Good songwriters know how to harness the cathartic power of music. They can serve as surrogates—expressing their listener’s deepest feelings in a way they didn’t know how to articulate on their own. They can actually become their audience’s voice. Dawson Gamble is one such songwriter. His latest single, “What You Don’t Know,” is infectiously catchy and indispensably cathartic. Despite the song’s melancholic themes, you can’t help but smile as you sing along. Songs like this help you relate, process, move on, and rebuild hope.
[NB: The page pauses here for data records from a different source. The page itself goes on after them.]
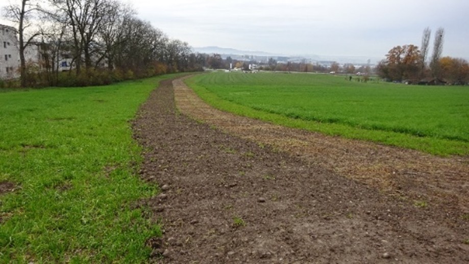 Une nouvelle construction a dû être réalisée pour remplacer la conduite d'eau de transport Ruebisbach à Kloten. Sur une longueur d'environ 500 m, le tracé de la conduite traversait des terres agricoles ouvertes, qui étaient en grande partie classées en tant que surfaces d'assolement (SDA). Pour traverser le Rousbach et la Weinbergstrasse, deux tronçons d'environ 15 m et 60 m de long ont été réalisés au moyen d'une conduite forcée. Une fosse de départ et une fosse d'arrivée ont dû être réalisées à cet effet. La construction des conduites ainsi que les zones temporairement sollicitées pour les emplacements d'installation, les pistes de construction et les fosses de départ et d'arrivée ont touché de grandes surfaces de sol. Afin de garantir une utilisation appropriée du sol et une remise en culture correcte, l'autorité compétente en matière d'autorisation a donc exigé la mise en place d'un suivi pédologique de chantier (SST). Le BBB d'Ecosens AG a accompagné le projet de manière compétente pendant les quatre mois de la phase de construction et a procédé à différentes clarifications et enquêtes. De plus, le tracé de la ligne traversait de manière inattendue une ancienne décharge d'ordures inconnue jusqu'alors, ce qui a entraîné d'autres défis. Grâce à une bonne collaboration entre tous les acteurs impliqués, le projet a pu être réalisé avec succès et dans le respect de l'environnement.
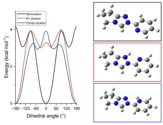 ) obtained by DFT calculations using a B3LYP (6–311G++(d,p) basis set [84,85,86], PCM water [87]). The inset ball and stick diagrams show the structures corresponding to the lowest energy conformations of N-pyrid-2-yl triazolium monocation 6 (
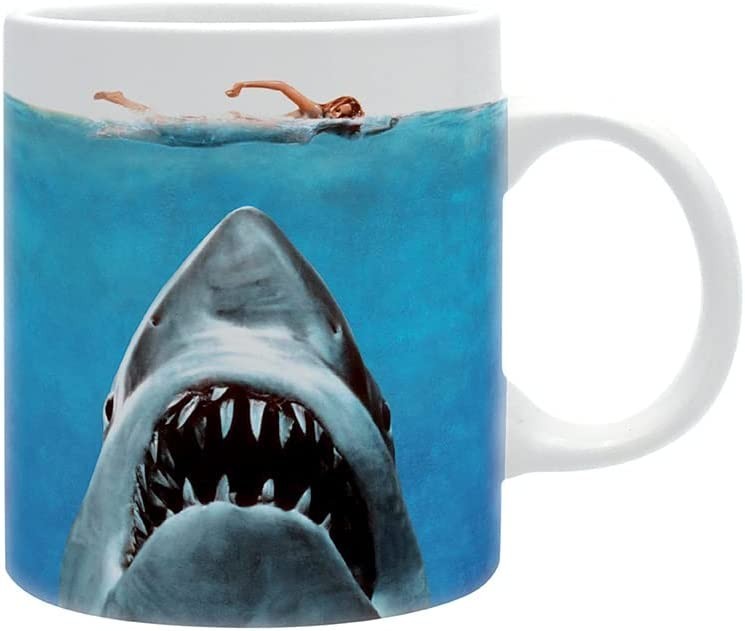 De Abystyle nos llega una taza de cerámica que es icónica y original a partes iguales. Con una capacidad de 320 mls, podrás beber tu bebida favorita con esta taza de "Jaws (Tiburón)", la película con la que Steven Spielberg inició la moda y el negocio de los 'blockbusters' veraniegos. Además de ser un peliculón, "Tiburón" ha inspirado cientos de originales regalos como esta taza que tiene una ilustración del póster de la película y en la parte posterior tiene las instrucciones de baño de la isla de Amity, lugar en el que se desarrolla la película. Viene en una caja temática y podrás usar la taza tanto en el lavavajillas como en el microondas.
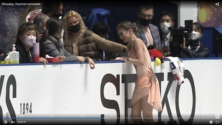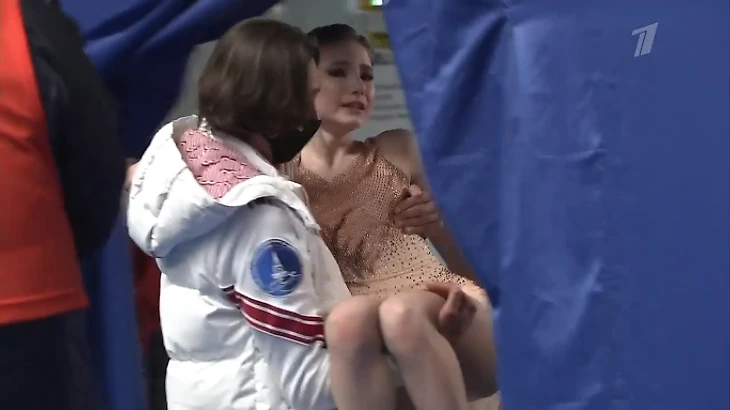 Спортсменка упала при попытке исполнить тройной флип, ее унес на руках врач сборной России Филипп Шветский.
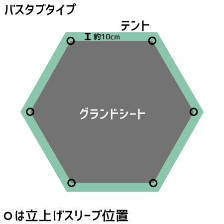 ・テントに対するサイズ感は、フラットで外周から5cm内ライン、バスタブで10cm内ライン(変更も可)。
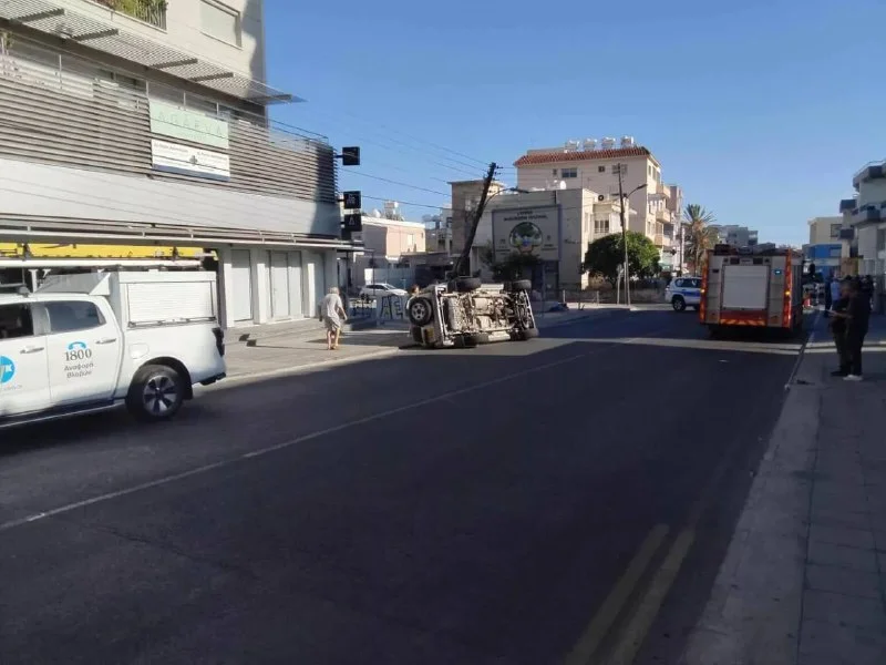 🚗 Авария в Лимассоле: перевернувшийся автомобиль снёс электрический столб

Gamble’s new single is primarily guitar-driven. In true pop fashion, the verses are built with 10th-over-the-root dyads, and the chorus is painted with bright, prominent barre chords that jangle like a handful of silvery chains. The guitar tone is vivid and gleaming, and the hook is delightfully unpredictable. “What You Don’t Know” maintains its mainstream appeal without skimping on sophistication. It shows maturity in a similar way to that of Harry Styles’ solo work. Its structure even makes space for a guitar solo.
Perhaps the greatest appeal of the track is found within the vocal performance. With a melody spanning from B2 to C#5, Gamble gives himself the opportunity to showcase his talents. His timbre and use of dynamics are a part of his charisma, and this new song highlights his charm with bright colors. When he pushes, his voice’s personality shows. It generates a strong curiosity, much like the way Peter Liddle’s voice does.
Canadian singer/songwriter Dawson Gamble is a folk-pop prodigy on the rise. Inspired by modern-day titans of blues like Clapton and Mayer, he delivers radio-friendly tunes with classic sounds. A love for hip-hop and rap has shaped his lyricism and separates him from his peers. His new single is nothing short of a sign signaling more great music to come.
“What You Don’t Know” is an example of an offering from a musician with their finger on the pulse. Gamble is a bona fide, creative artist that also understands pop. His new song is fun; it teases that its creator warrants a second look and has lots more up his sleeve.